Sanctions became one of the primary mechanisms that were supposed to prevent further enrichment of Russia for weapons purchases in other countries. A year later, the West stated that the sanctions struggle did not produce the expected results. The news that Great Britain bought 5.2 million barrels of fuel produced from Russian oil has exploded even louder. To make this possible, a grand scheme was worked out, and it is clear that not only the British were able to take advantage of it.
Those who believe the sanctions are ineffective are mistaken. Russia received 100 million pounds in tax revenue from the abovementioned imports alone. If the sanctions were to work in full, the Russian army would lack so much weaponry that it could really change the course of the war.
However, a mechanism has been established that allows oil to be sold from the Russian Federation to Europe, and it is based on the processing rules. Raw materials were delivered to India, and from there, they already went to Britain as non-Russian products. In this way, the law is followed, and the Russian military budget continues to be replenished.

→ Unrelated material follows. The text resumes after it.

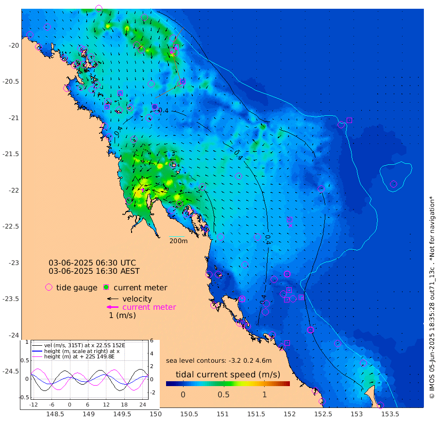 10cm/s -148T +10cm/s rms + 2cm/s 5T. Brampton I 18m 13cm/s 162T +9cm/s rms + 6cm/s 66T. Wigton I 38m 2cm/s 43T +7cm/s rms + 8cm/s 141T. Tern I 47m 22cm/s -177T +7cm/s rms + 12cm/s 54T. N Bugatti Rf 64m 30cm/s -154T +3cm/s rms + 13cm/s 178T. W Bugatti Rf 70m 7cm/s 168T +3cm/s rms + 3cm/s -130T. Creal Rf 69m 4cm/s -59T +7cm/s rms + 4cm/s 2T. North Rf 62m 10cm/s 0T +9cm/s rms + 2cm/s -56T. Cape Capricorn 26m 3cm/s -39T +5cm/s rms + 3cm/s 166T. L Musgrave I 42m 3cm/s 22T +9cm/s rms + 1cm/s -142T. Round Hill Hd 26m 1cm/s -87T +41cm/s rms + 48cm/s 116T. GBRELR 305m 9cm/s -56T +7cm/s rms + 6cm/s 123T. GBRCCH 92m 6cm/s 168T +8cm/s rms + 3cm/s -33T. GBRHIN 45m 5cm/s 96T +4cm/s rms + 2cm/s 41T. GBRHIS 46m 10cm/s 118T +16cm/s rms + 4cm/s -22T. GBROTE 59m 51cm Bell Cay 29cm Holbourne I 59cm Tern I 25cm Bugatti Rf 35cm Creal Rf 18cm White Tip I 31cm North Rf 47cm Rundle I 15cm L Musgrave I -3cm Saumarez Reef 31cm Kennedy Reef 22cm Unnamed Reef No. 2 25cm Abbot Point 27cm Bowen 28cm Tideway Reef 36cm Hayman Island 29cm Square Reef 40cm Double Bay 26cm Molle Island 27cm Cid Harbour 35cm Hook Island 23cm Border Island 23cm Haslewood Island 34cm Shute Harbour 42cm Thomas Island 44cm Credlin Reef 47cm East Repulse Island 35cm Blacksmith Island 43cm Laguna Quays 47cm Carlisle Island (Off) 50cm St. Bees Island 34cm Scawfell Island 54cm Penrith Island 60cm Mackay Outer Harbour 68cm Hay Point 73cm Prudhoe Island 83cm Middle Island (Percy Isles) 50cm Gannet Cay 10cm Elusive Reef 92cm Mcewin Islet 84cm Mumford Island 85cm Osborn Island 86cm Marquis Island 79cm Reef Point 63cm High Peak Island 75cm Port Clinton 66cm Peaked Island 32cm Karamea Bank 48cm Johnson Patch - NW 63cm Rosslyn Bay 63cm Middle Island (Keppel Isles) 72cm Port Alma 24cm Heron Island 31cm One Tree Islet 36cm Polmaise Reef 32cm Tryon Island 35cm Rock Cod Shoal 44cm Gatcombe Head 52cm Gladstone 48cm South Trees (Storm Surge) 32cm Clews Point 22cm Round Hill Head 11cm Lady Elliot Island 13cm Breaksea Spit 25cm Bundaberg (Burnett Heads) 20cm Elliot Heads 5cm Waddy Point (Fraser Island)

The scheme is simple: crude oil that Russia sold to another country for processing. There, it goes through the necessary procedures, after which it is bought by Great Britain, mainly in the form of aviation fuel. The figure of 5.2 million barrels is only for 2023; the total amount for two years of the war is much higher.
So, the situation is as follows: the government of Great Britain officially condemns the aggression of the Russian Federation against Ukraine but at the same time supports the aggressor financially, using a “loophole” for the purchase of Russian oil.
If you look at it from a legal point of view, it really does not contradict the sanctions. India is the main “helper” in circumventing bans, but it is far from the only one. This list also includes China and nine other countries. So, instead of fighting Russia, sanctions actually allow other intermediary countries to make money, little by little raising finances from Europe, which pays them all.
In addition to Great Britain, the same “bypass” oil was imported by the United States through terminals in the Bahamas. There, it is mixed with another and legally transported to the buyer. However, the Americans showed more consistency and at least imposed sanctions on organizations that bought such raw materials above the agreed limit price. This step will prevent the high profits of Russian companies that export oil for sale.
Against the background of a decrease in the funding of Kyiv, such information looks on the verge of a foul. Whether something will change in the sanctions policy is still unclear. But one thing is clear: changes are needed, and even the most passionate partners of Ukraine cannot decide on them yet.